It wasn’t hard to put yourself in her shoes considering the thick iron cable anchoring you to another. If that bond came with passion... if you knew the cloying taste of devotion – the idolatry that comes from having your molecules grafted onto a lover’s DNA – you’d shred every muscle strand in your body, tear skin from bone with bloodied teeth to keep what was coveted.
And here you were. The other woman.
Suddenly the chocolate dessert didn’t taste so appetizing.
At your lack of a meaningful answer, she unknowingly goes for the throat.
“Perhaps you should tell them–”
“No.”
The ice in your tone brokers no room for argument, instantly regretting the bite behind it as you watch her flinch back into the cushions with a meek whine.
Your expression softens in guilt. Chloe is just trying her best to help you navigate an otherwise impossible scenario. Her suggestion doesn’t come from a place of cruelty, only one of care. Even if it does speak of ignorance.
Not that she didn't still try.
“Wouldn’t you want to know if the roles were reversed?”
“And what good would that do?” you press far more gently this time, the acid of pain climbing up the back of your throat. “No matter what they say there’s no tangible future for us. That ship has well and truly sailed – I know that now.
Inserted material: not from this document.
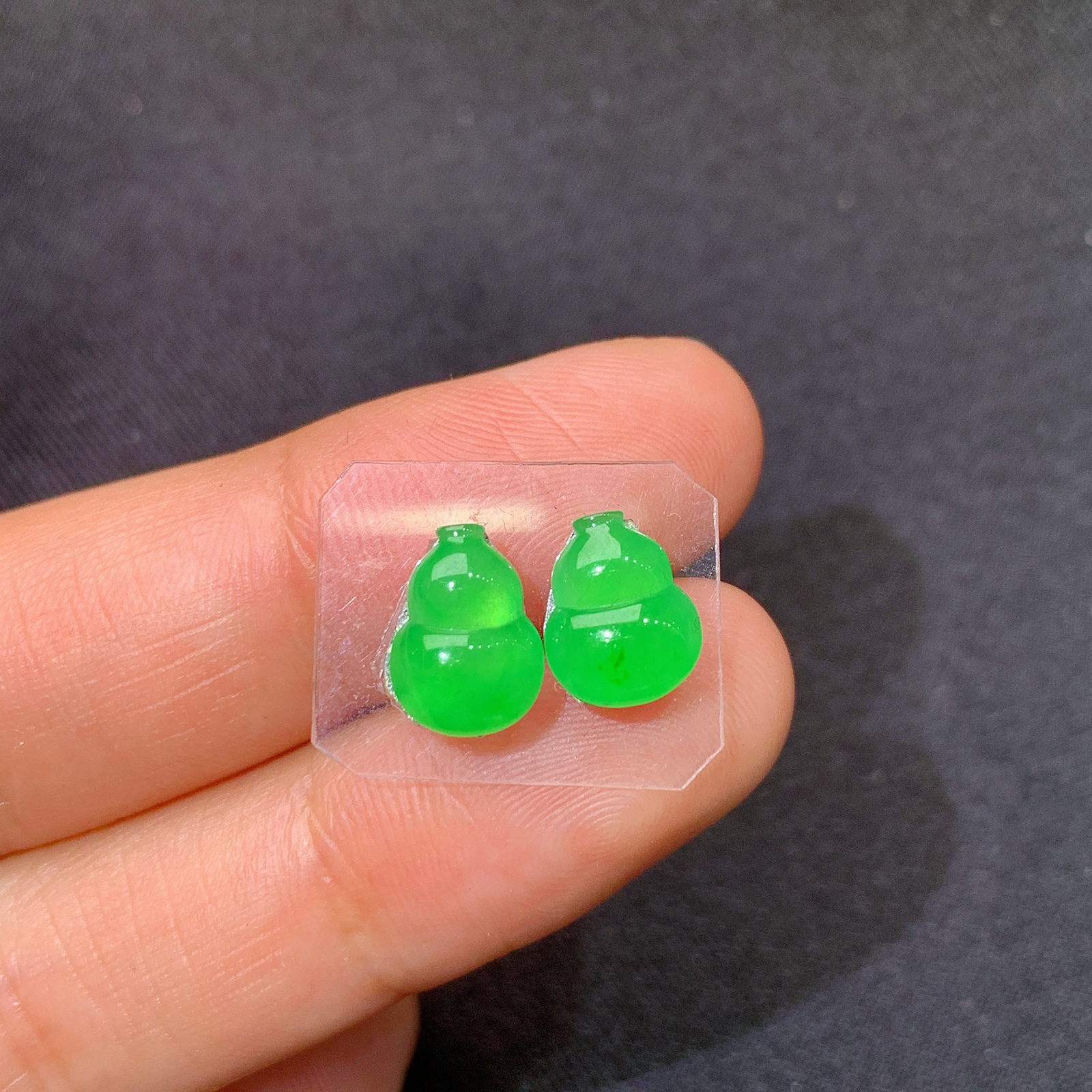 冰阳绿葫芦一对,镶嵌佳品,冰润色阳,种水足,Xg 尺寸8.5*6.8*2.6
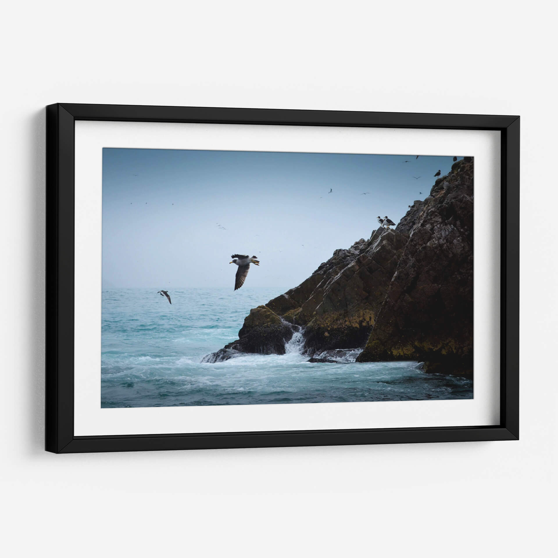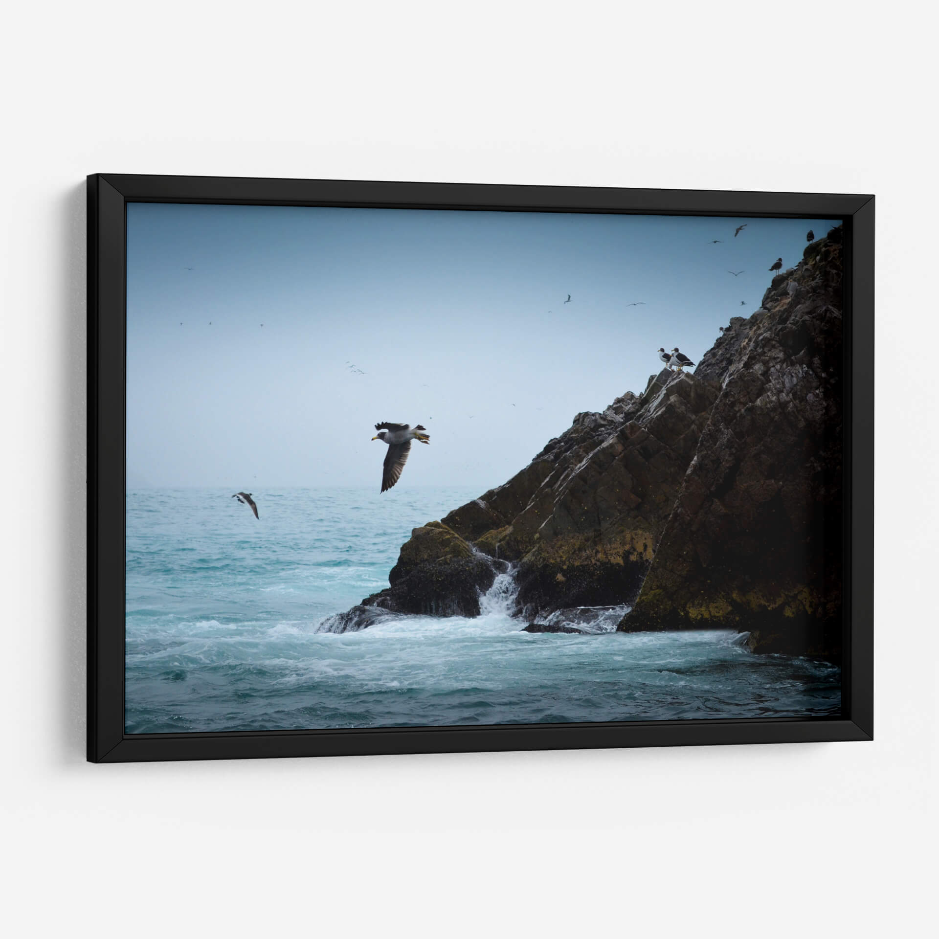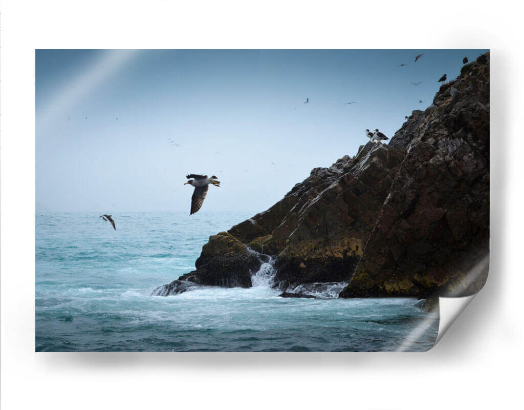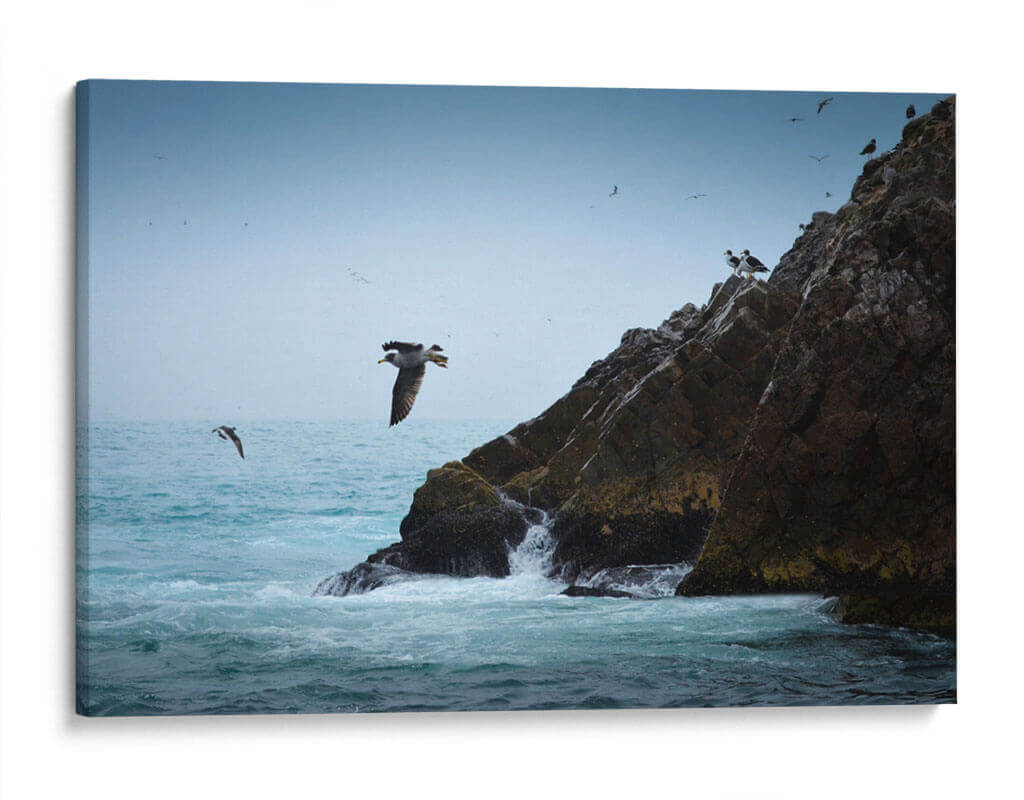 Captura la majestuosidad de la naturaleza con "Islas Ballestas 1", una obra de arte que evoca la fuerza y la libertad del océano. Esta pieza, creada por Ariadne Contreras, presenta una vista dinámica de aves marinas volando junto a imponentes formaciones rocosas bañadas por el oleaje. La paleta de colores, dominada por azules serenos del cielo y el mar, contrasta sutilmente con los tonos tierra y verdes musgosos de las rocas, creando una atmósfera de calma y aventura. La composición, que destaca a un ave en pleno vuelo, transmite una sensación de movimiento y vida, invitando a la contemplación de la vida salvaje y los paisajes costeros. Este cuadro decorativo es perfecto para añadir un toque de serenidad y conexión con la naturaleza a cualquier espacio, ya sea un salón moderno, una oficina o un dormitorio. Su estilo realista y evocador lo convierte en una pieza versátil que inspirará tranquilidad y admiración, transportando al espectador a la costa con cada mirada. Ideal para amantes de la fotografía de naturaleza y del arte que celebra la libertad.

My destiny was signed with an iron pen and the deed says I belong to him.”
Your voice quivers on the last word, the sting of acceptance cutting into flesh with a rusty barbed wire. You never thought there could be a feeling worse than hopelessness.
“Telling them will only ensure that both parties suffer for another’s twisted scheme,” you continue past the lump in your throat, “and I won’t subject them to the burden that should be only mine to bear. I refuse to let them live with that guilt.”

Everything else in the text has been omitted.